As I read further in Blackaby’s discussion, it was clear that he was actually pointing to the biblical shepherd – describing how they knew everything about their own sheep.  What foods were best, what would harm them, when they should eat and when they were thirsty.  He was an expert at the terrain and knew the best places for food and water.

But here was the key point  — “As long as the sheep trusted and followed their shepherd, they would always have their needs met at the right time.  Their shepherd would give them the best that he had.” 

Of course, the comparison is with my Good Shepherd – He cares for me and did lay down His life for me.  And just as David’s 23rd Psalm recites for me – and as David fully believed – I “want” for nothing because of the very nature of the Good Shepherd who leads me.

Or do I?  All too often, I have allowed my focus to shift from the Shepherd to what the Shepherd gives me.  Blackaby pulls out this key point.  “If you find yourself ‘wanting,’ it is not that your Shepherd is unable or unwilling to perfectly meet your needs.  It may be that you lack the faith to receive all that He has to give.”  That is painful to hear but as I explore it further, I can see the truth in it.

What causes me to become dissatisfied?  Missing the joy that comes from having the Shepherd be my provider?  

I go back to an earlier teaching by Blackaby about how dangerous it is to live my life without a spiritual “plumb line,” or standard, by which I can determine right from wrong.  I know that God’s word is that plumb line.

Just as Blackaby described it, God established absolute moral and spiritual laws that we are free to ignore – and we do so at our peril.  They are timeless – Biblical truth is just as true today as it was when He revealed it in His word through His people and situations recited there.  

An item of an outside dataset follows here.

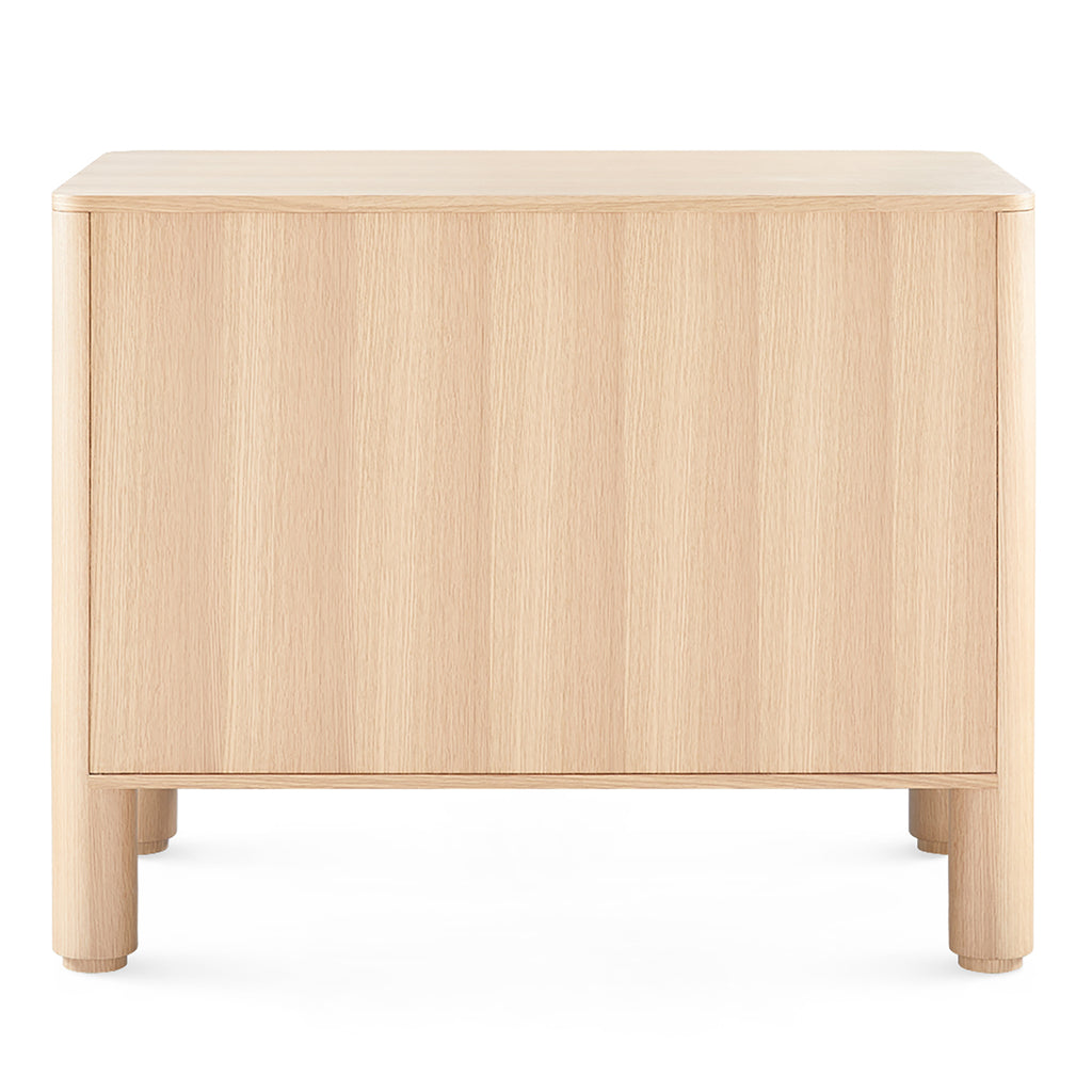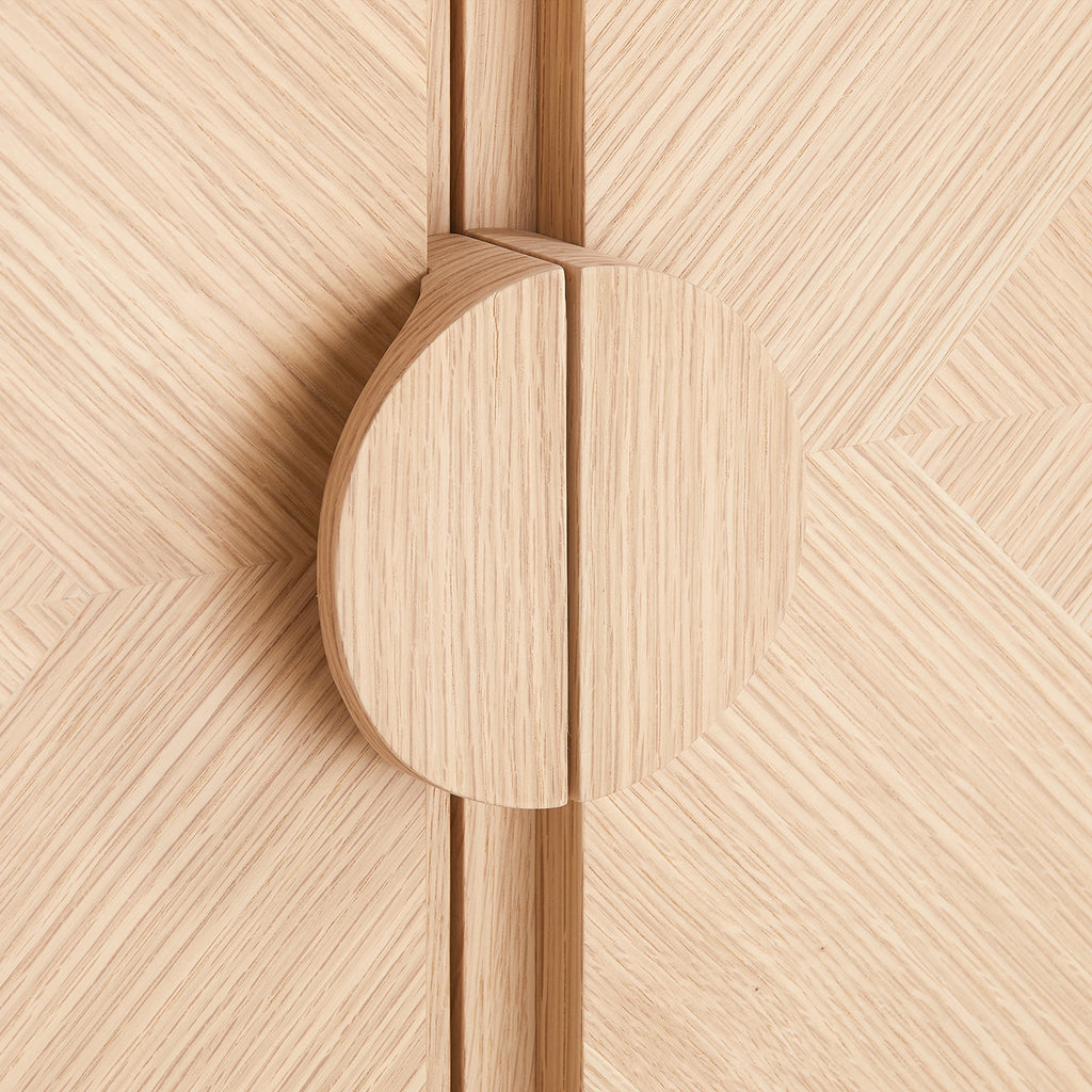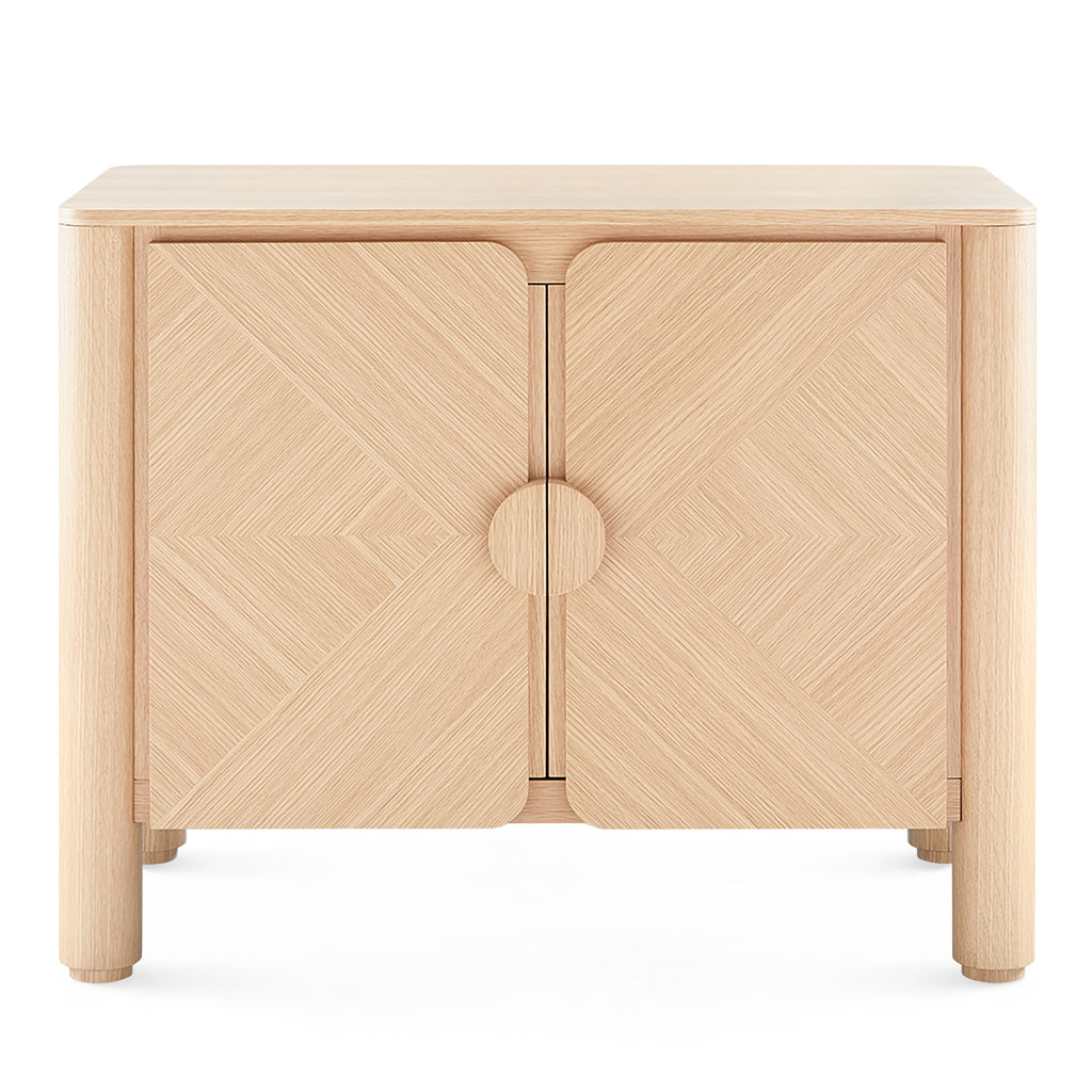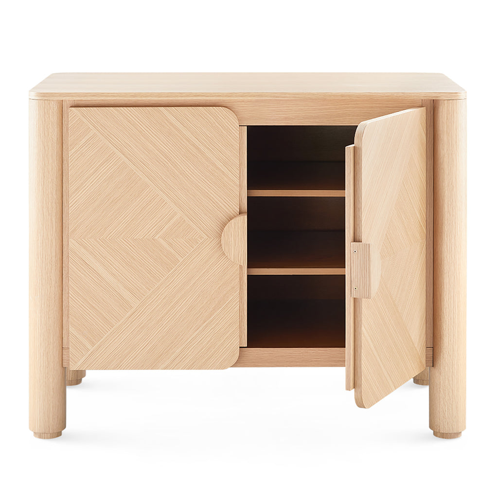 The Villa and House Nolan Cabinet is expertly crafted from European white oak veneer with a sleek clear lacquer finish. Its bold, curved, and chunky elements draw inspiration from 1970s-80s California design, offering a retro yet refined look. The front showcases a stunning chevron wood grain pattern, adding a texture and a touch of refinement. Resting on recessed feet, the cabinet exudes both timeless style and modern functionality.

Now I know the laws of our society and culture in which we live – and as a trained lawyer, I know how to research and find the basic laws and even work through tricky conflicts of law to get to “the law” that applies in a specific case.

As Blackaby pointed out, culture does not supersede God’s laws  — they are eternal and will save me from death if I follow them.  And therein is a key to my issue.  All too often, I find myself feeling like God’s laws are restrictive or not clear or hard to understand and apply.  Yes, I am jumping to excuses rather than going deeper to find my “plumb line”.  Only then will I follow what I know is really true – that God knows best for me and His word and laws are there to protect me.

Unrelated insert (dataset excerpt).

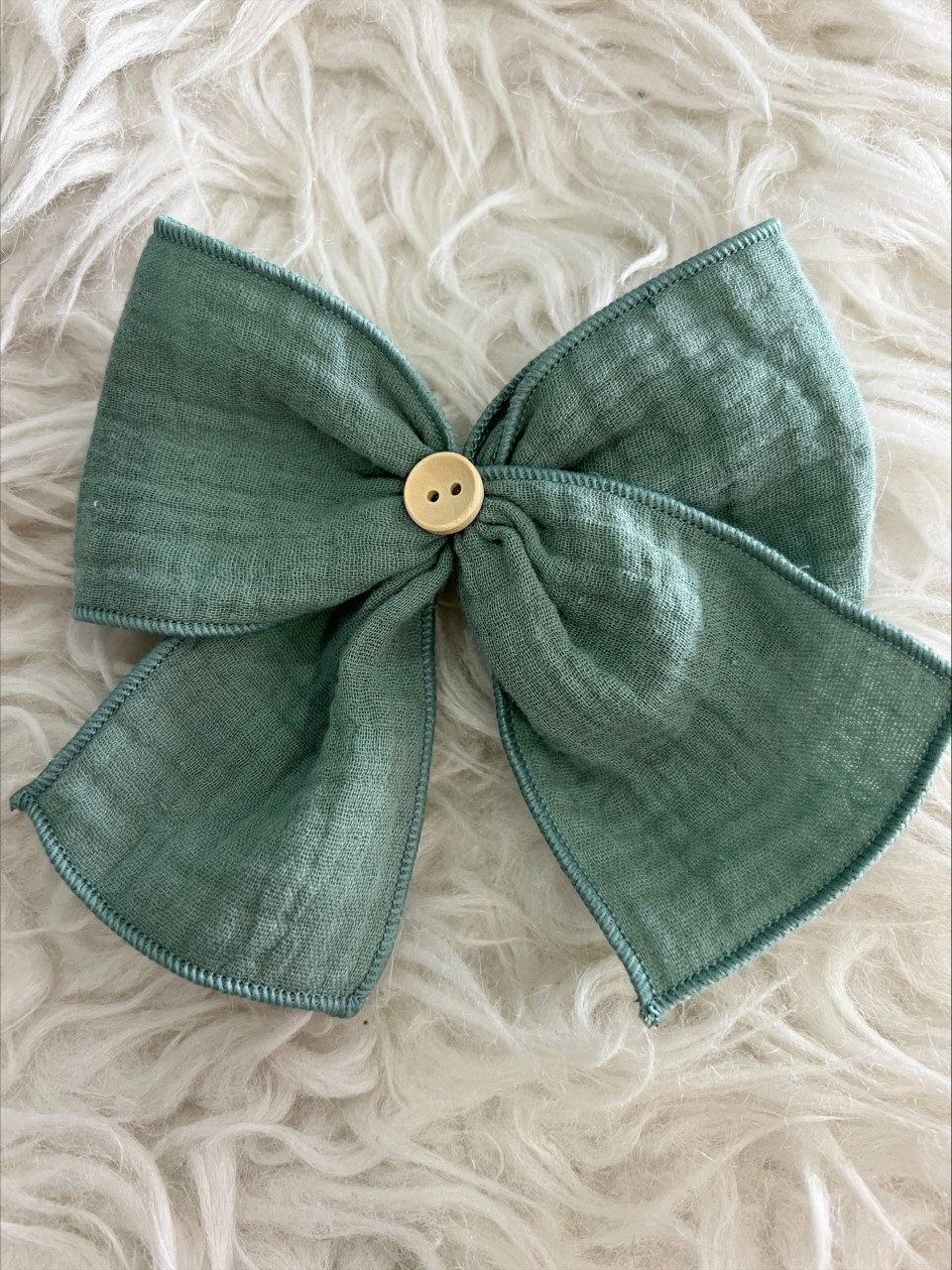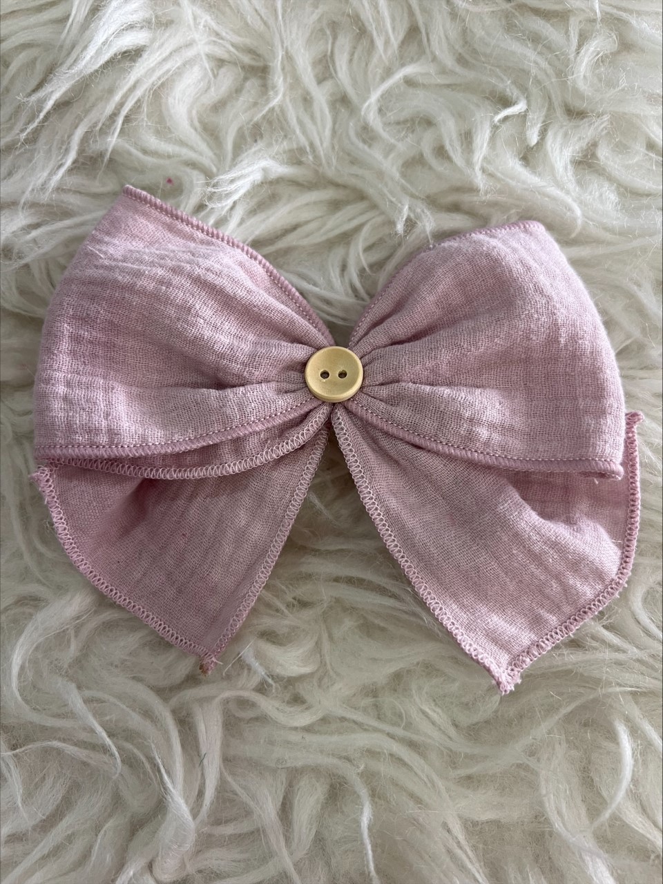 Precioso modelo de pinza con lazada en tejido de bambula con botón en color madera central.

The hard truth was pulled out for me by Blackaby’s statement:  “Sin is choosing a standard other than God’s law on which to base your life.…lawlessness is sin.”  

I find myself substituting my thinking, my planning, my way of viewing what is best for me.  I feel confident I can do this myself – I can work it out, figure it out, and then somehow skate past checking out what God seems to be leading me to do or His lack of presence in supporting “my way” of working things out.  

I flip back to Blackaby’s question posed to me.  “Do you have absolute trust in your Good Shepherd?”  He asks if I worry that God might be withholding from me something that I “need” or I find myself dissatisfied with the direction God seems to be leading.  Am I thinking “surely God would want me to have this – or do that.”  But His assurance and presence are absent, if I am truthful.

I am asking in my prayers that he teach and guide me – but I am not listening very well.  Mostly, I am not deep down trusting that God knows better than I:  what I need, which path I should travel and how to work out the situation I am finding blocks me reaching the goal I have set.  

Back to Blackaby’s statement that living like a sheep can bring me “incredible peace of mind.”  There’s my clue.  When I don’t have “peace of mind”, that probably means I have been wandering off down “my” path of how things should go rather than trusting God who, frankly, is not leading me down that particular path.  Instead, if I observe and listen, He is seemingly directing me down another path.  And that way just doesn’t make sense to me, or fit what I think is the way to go.  There it is – lack of trust in Him and His way.

Thankfully, Blackaby knew self-sufficient “I know how to do this” folks like me needed direction.  And reminding.  Just as scripture, the true plumb line, says it.  “Return to Him and trust Him to meet the needs in your life that only He can.”

May “The Lord is my shepherd, I shall not be in want.” (Psalm 23:1) become a pathway of thinking and trusting for us all!